Work instructions
Copy the data exactly. Images are the one exception.

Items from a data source
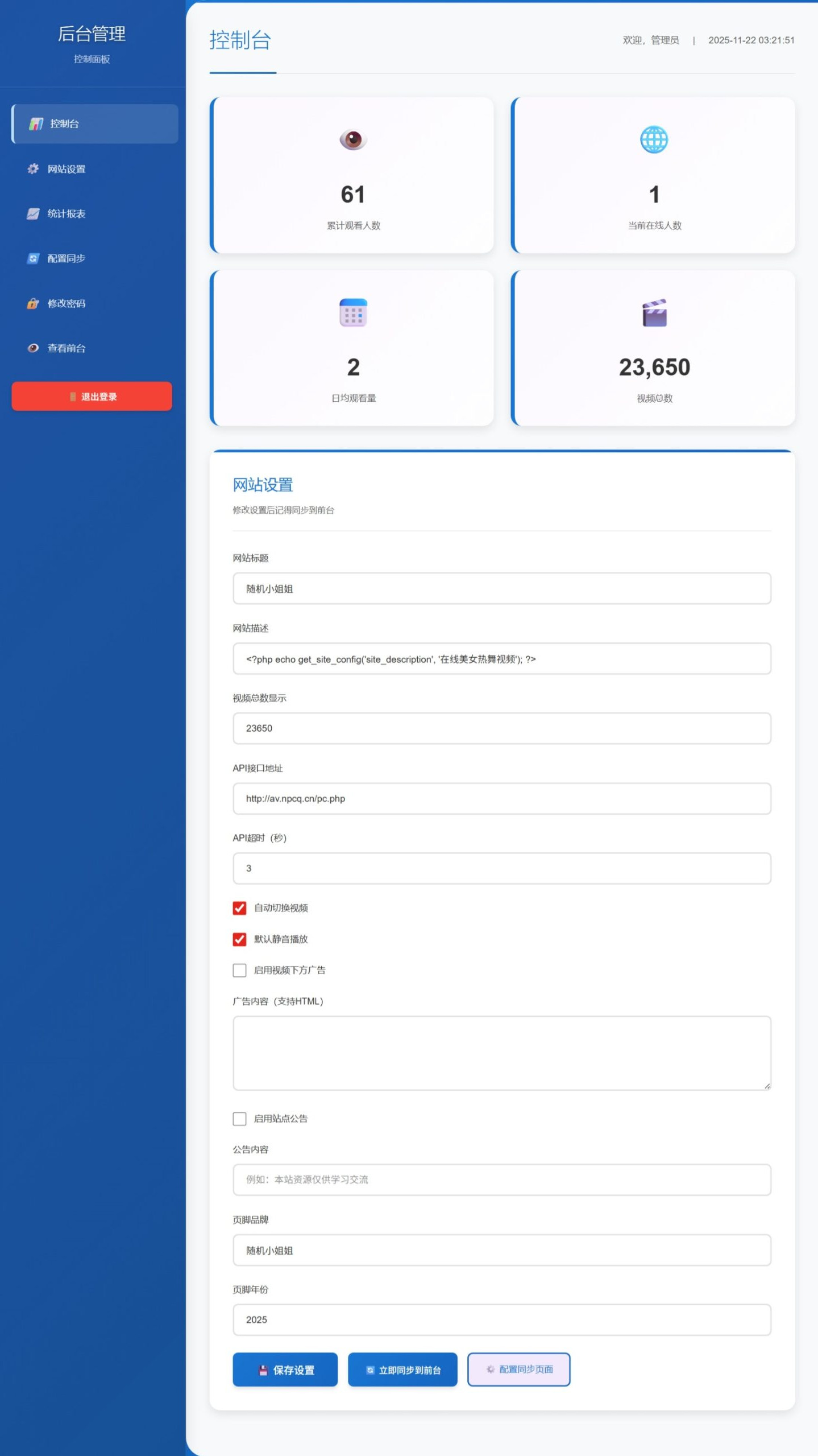 随机小姐姐热舞视频系统源码全新UI带后台版v5.0 自适应手机端
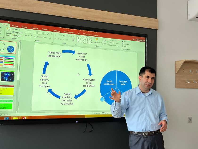 Bakı Dövlət Universitetinin Sosial elmlər və psixologiya fakültəsində İnnovativ həllər üzrə konsultant, Azərbaycan İnnovasiya Kommunikasiya Texnologiyaları Assosiasiyasının üzvü Mübariz Qasımov tərəfindən “Sosial innovasiyalar” mövzusunda təlim keçirilib.
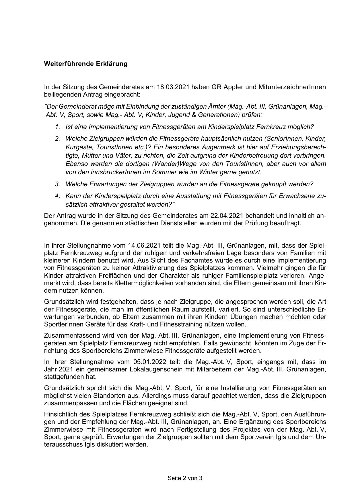 Zusammenfassend wird von der Mag.-Abt. III, Grünanlagen, eine Implementierung von Fitnessgeräten am Spielplatz Fernkreuzweg nicht empfohlen. Falls gewünscht, könnten im Zuge der Errichtung des Sportbereichs Zimmerwiese Fitnessgeräte aufgestellt werden.
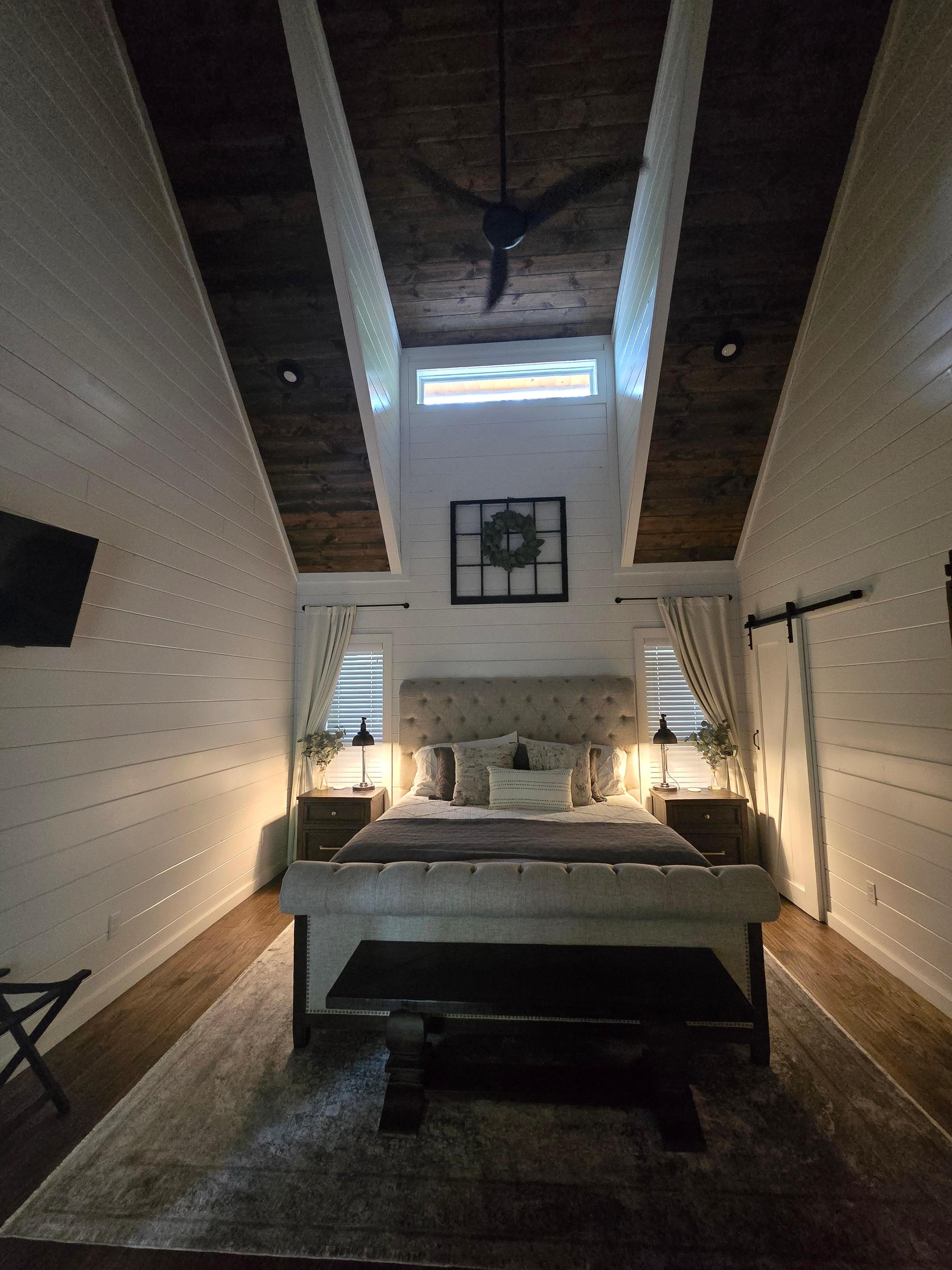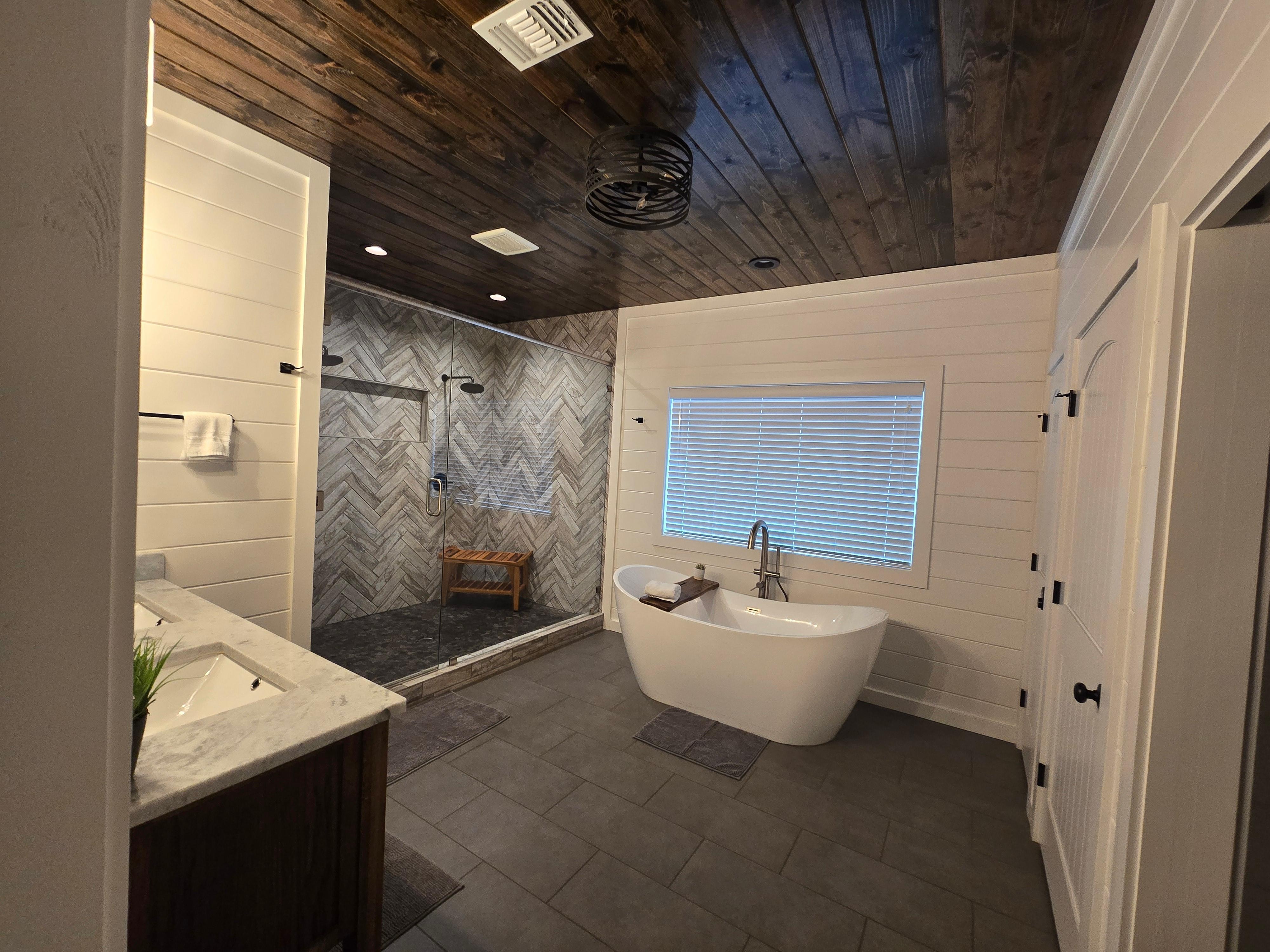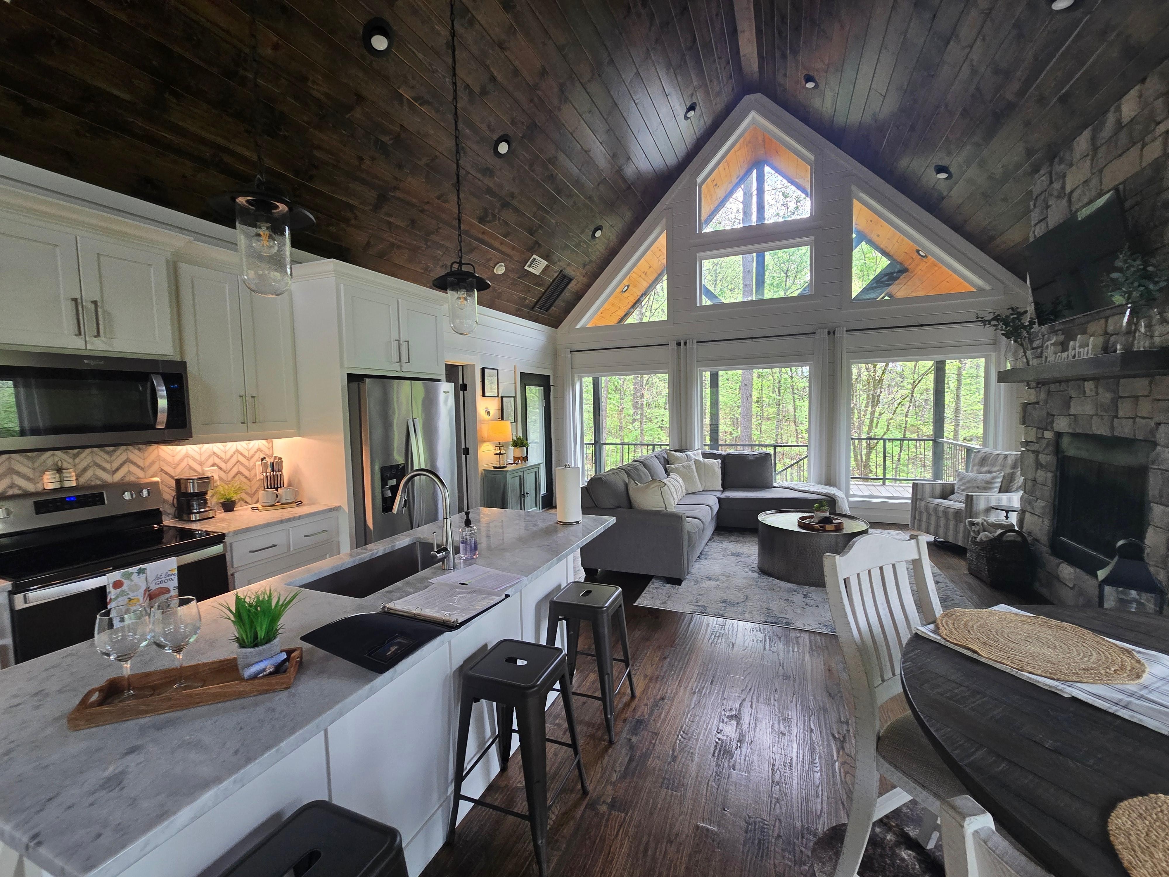 Set amidst the Ouachita National Forest and beautiful Broken Bow Lake is your next couples celebration destination. Bottoms Up Cabin is a new ultra-luxury cabin retreat for couples looking for that perfect getaway. Cabin amenities include both indoor and outdoor fireplaces, firepit, Viking hot tub, couples shower with multiple shower heads, luxury bathtub, fully equipped kitchen, 3 TVs, Wi-Fi, washer and dryer, and a large back deck set high in the trees with paved roads all the way to the cabin. You will undoubtedly find many comfortable places to connect with each other, nature, or quiet time with a good book.
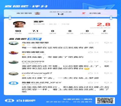 赛后吧友给宽萨打出了2.8分的超低分,表示:“每一场都在证明自己倒地有多菜”。
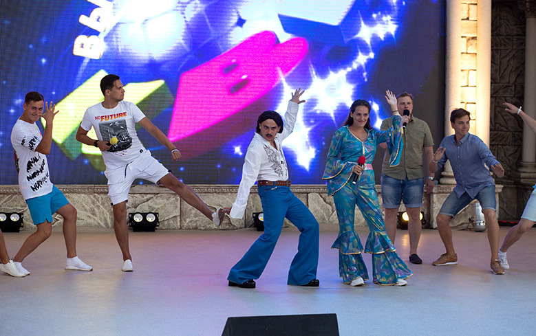 Номер про летние кафе в Ялте, в которых поют. За вокал отвечают Света с Айдаром. За смехи - Костя, который отыгрывает человечка в погонах, заказывающего песню.
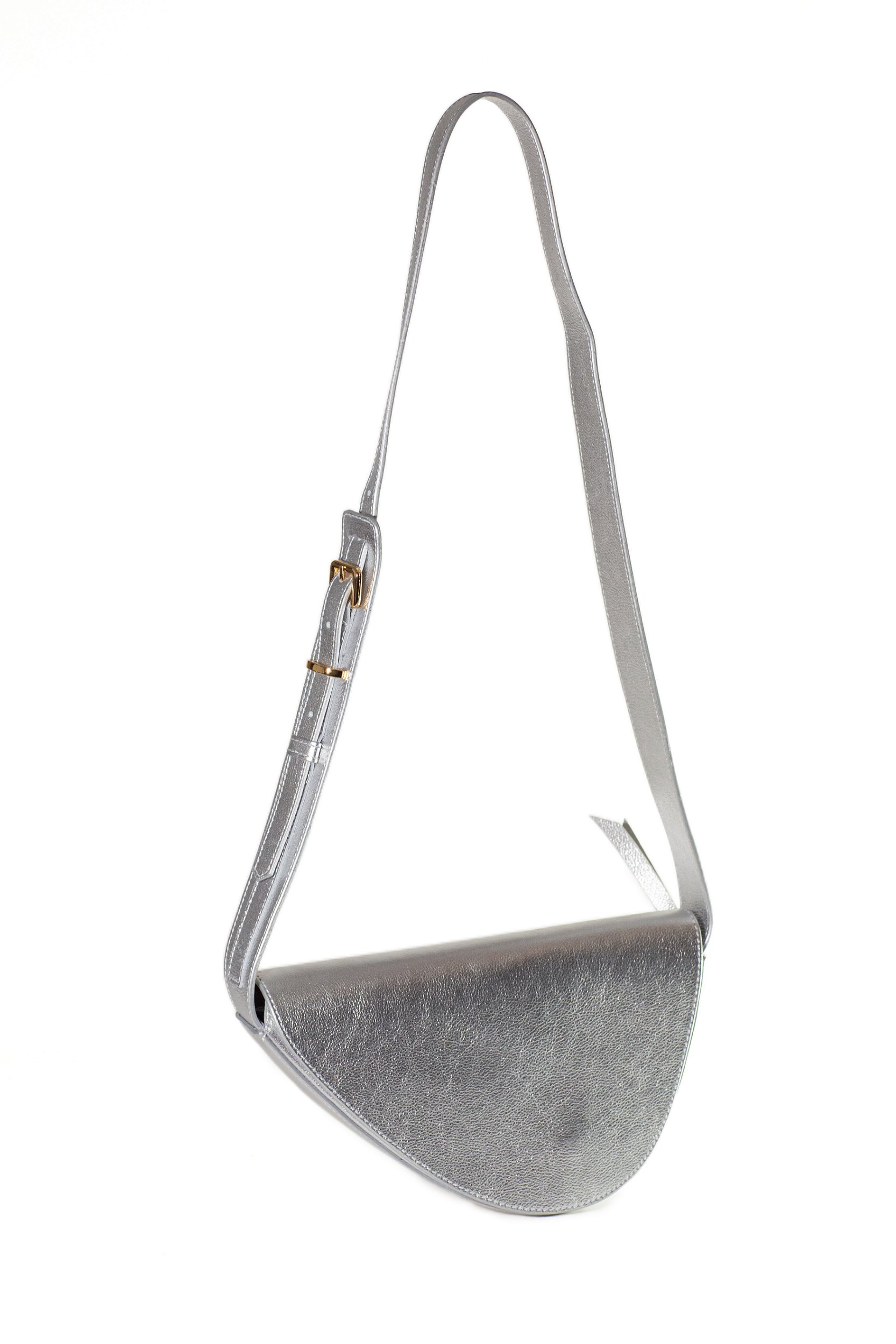 É uma peça de design elegante e minimalista, feita em couro metalizado prata de aparência lisa e sofisticada. Seu formato é semicircular, com linhas limpas e bem definidas, transmitindo um estilo moderno e ao mesmo tempo clássico.
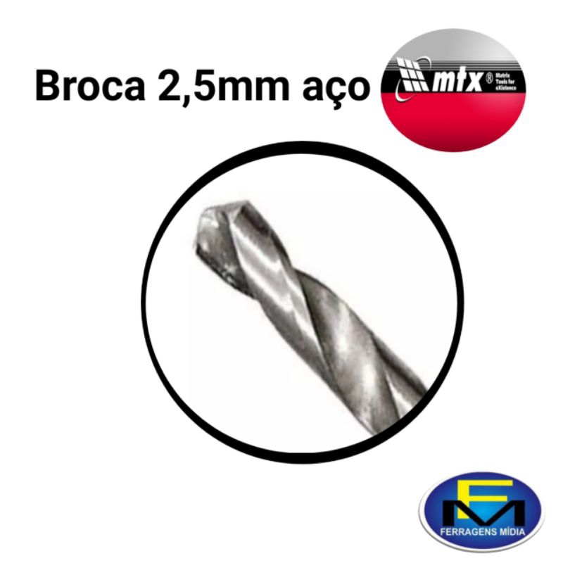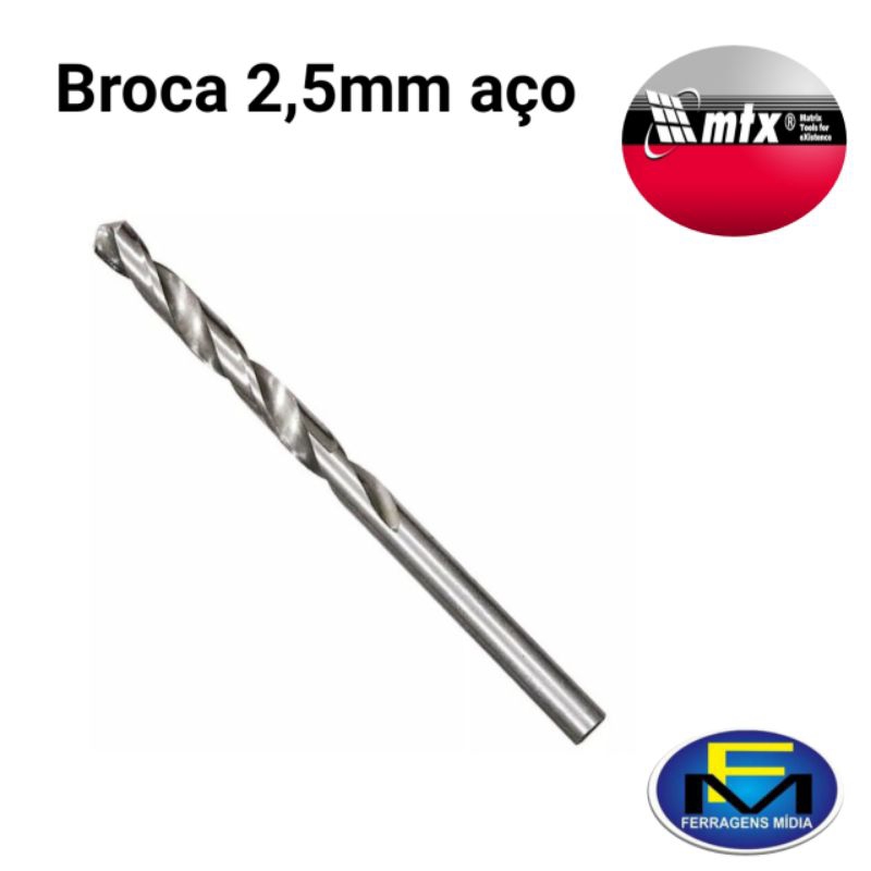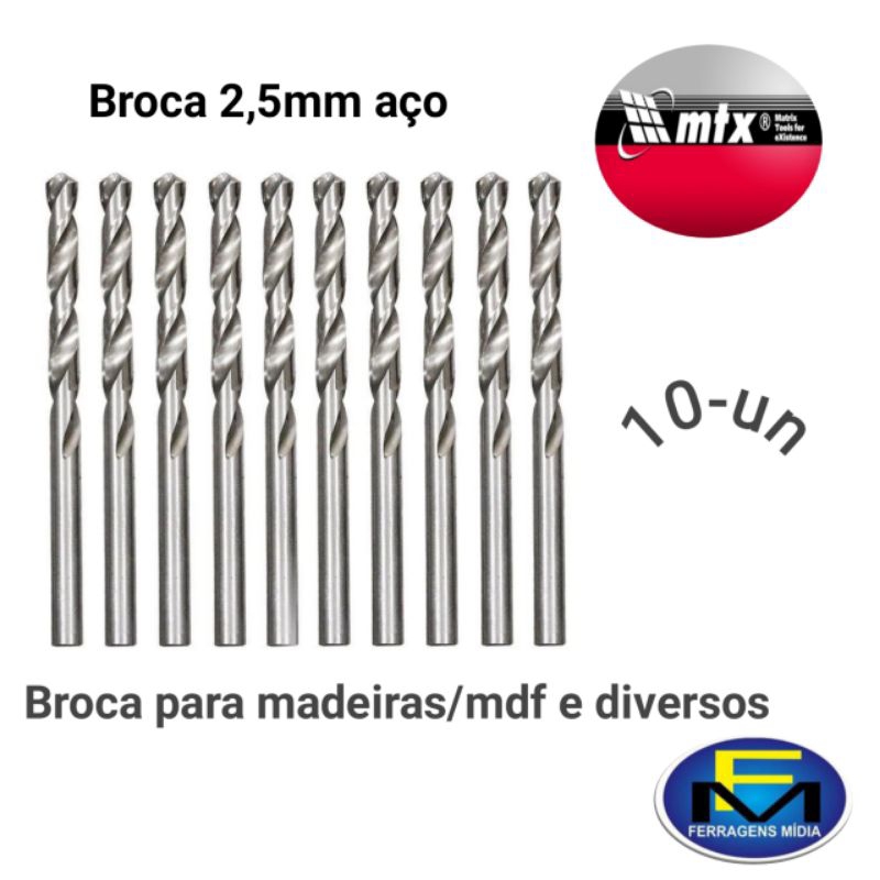 kit 10 broca aço rápido polido 2,5mm Mtx própria para mdf e metal e madeiras

Solution to the exercise
 随机小姐姐热舞视频系统源码全新UI带后台版v5.0 自适应手机端
 Bakı Dövlət Universitetinin Sosial elmlər və psixologiya fakültəsində İnnovativ həllər üzrə konsultant, Azərbaycan İnnovasiya Kommunikasiya Texnologiyaları Assosiasiyasının üzvü Mübariz Qasımov tərəfindən “Sosial innovasiyalar” mövzusunda təlim keçirilib.
 Zusammenfassend wird von der Mag.-Abt. III, Grünanlagen, eine Implementierung von Fitnessgeräten am Spielplatz Fernkreuzweg nicht empfohlen. Falls gewünscht, könnten im Zuge der Errichtung des Sportbereichs Zimmerwiese Fitnessgeräte aufgestellt werden.
 Set amidst the Ouachita National Forest and beautiful Broken Bow Lake is your next couples celebration destination. Bottoms Up Cabin is a new ultra-luxury cabin retreat for couples looking for that perfect getaway. Cabin amenities include both indoor and outdoor fireplaces, firepit, Viking hot tub, couples shower with multiple shower heads, luxury bathtub, fully equipped kitchen, 3 TVs, Wi-Fi, washer and dryer, and a large back deck set high in the trees with paved roads all the way to the cabin. You will undoubtedly find many comfortable places to connect with each other, nature, or quiet time with a good book.
 赛后吧友给宽萨打出了2.8分的超低分,表示:“每一场都在证明自己倒地有多菜”。
 Номер про летние кафе в Ялте, в которых поют. За вокал отвечают Света с Айдаром. За смехи - Костя, который отыгрывает человечка в погонах, заказывающего песню.
 É uma peça de design elegante e minimalista, feita em couro metalizado prata de aparência lisa e sofisticada. Seu formato é semicircular, com linhas limpas e bem definidas, transmitindo um estilo moderno e ao mesmo tempo clássico.
 kit 10 broca aço rápido polido 2,5mm Mtx própria para mdf e metal e madeiras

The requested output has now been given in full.